If you ask me, the whole thing is about as dramatic as people always assuming that the cheetah is the fastest land-based animal, and that no animal can run faster, but it turning out that there's a little known related species of big cat which can actually run 0.001 mph faster.
But we wouldn't rule out that there is the possibility of a different cat out there being 0.001mph faster. We don't really know the upper theoretical speed of cats.
Let's think of something more certain: homeopathy doesn't work. We know it doesn't work because it's never been proven to work, and it also breaks a few fundamental laws of physics. Now imagine that it did work. Someone did a double-blind test and we repeated it a few times and it works. The fact that homeopathy worked, and we could all have cheap treatments wouldn't be the most shocking thing. It would be that the law of mass action would be wrong. We couldn't just say "by the way, this doesn't apply to homeopathy", we'd work out why it didn't work for homeopathy and have to change the law.
And with these old laws of physics, lots of other science is based on them because they're considered sound. So, when you find an exception, then as far as people like theoretical physicisists are concerned, all shit breaks loose.
BE, come off it, all these articles refer to "the speed of light" and not "the speed of radio waves", I know about RIVUXY as well as anybody else who did O level physics.
JT, as an arch-cynic, I once tried homoeopathy, assuming that it was a load of nonsense, and to my eternal disappointment... it does work. In a limited and won't-cure-everything fashion, for sure, but it works. It's like technical analysis or land value tax, it works whether you believe in it or not.

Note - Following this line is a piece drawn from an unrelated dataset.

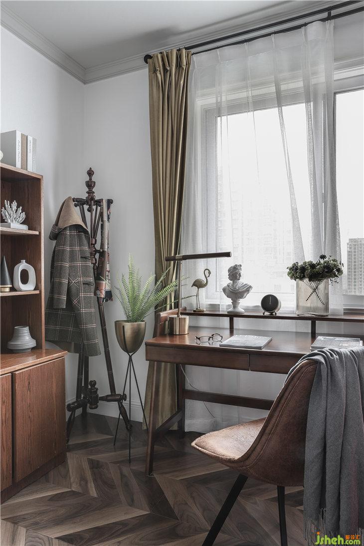 書房的一角,老房子搬來的書柜和新購的胡桃木書桌,并不顯得沖突,吊頂涂灰,墻面留白,每一處的擺設(shè)都是懷舊的味道。

From a day-to-day-life perspective, this makes little or no difference, as you point out. And as Joseph says, the reason that it's got the physicists up in arms is that it will mean a lot of work rejigging all the theories which have up to now assumed that the speed of photons in a vacuum is as fast as it gets. They are extremely reluctant to do that and then have some other experimental team come along two years later and say "False alarm, you forgot to allow for X". Hence the caution and the worry among the physicists.

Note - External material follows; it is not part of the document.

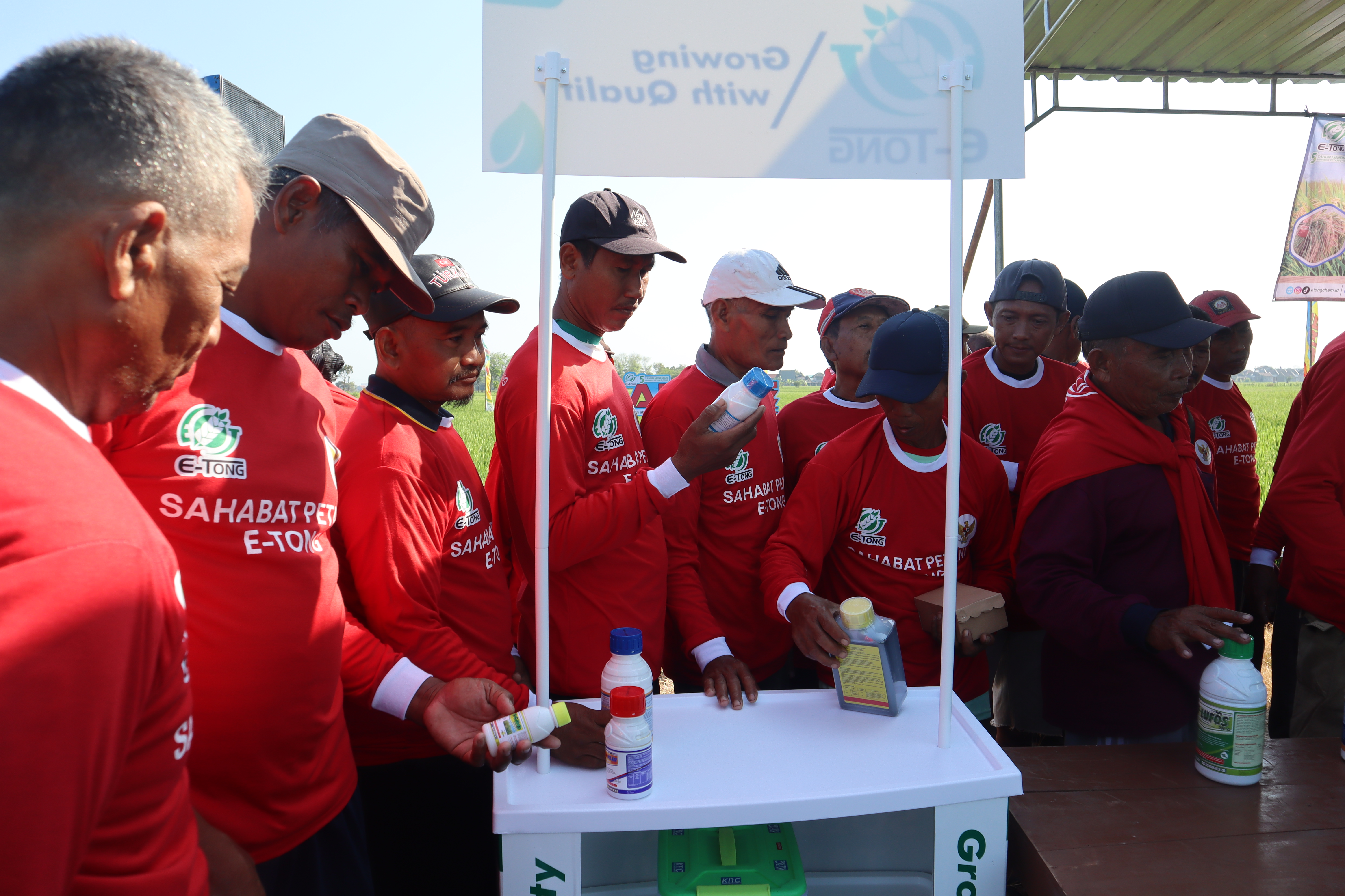 Yang menarik, para petani langsung diajak mengunjungi lahan demplot E-TOGRO untuk melihat sendiri bukti nyata hasil aplikasi produk ini di lapangan. Antusiasme petani pun terlihat tinggi saat menyaksikan pertumbuhan padi yang jauh lebih unggul dibandingkan lahan tanpa perlakuan E-TOGRO.

But if is confirmed by a couple of other labs, they will at least fix the theory to match the data. This is miles better than what happens in economics where economists quite blithely ignore the data which conflicts with hallowed neoclassical theoretical precepts like "perfect competition" or "the money multiplier", or "land and capital are the same thing".
Thus leading to the situation where we can design a physical system that beams "Coronation Street" to every house in the land but can't design an economic one that ensures that everyone can afford a house to watch it in.
That article in the metro was cobblers. The supernova was so distant that, scaled up from the Opera experiment, the neutrinos would have arrived days (weeks?, can't find the calculation) before the light if the Opera results held.
And radio waves are just photons with a different energy level compared to light - they're both electromagnetic radiation. Whether they are particles or waves depends on how you measure/detect them.
"..do not travel in straight lines and can be bent by gravity, therefore they can be slowed down, however slightly."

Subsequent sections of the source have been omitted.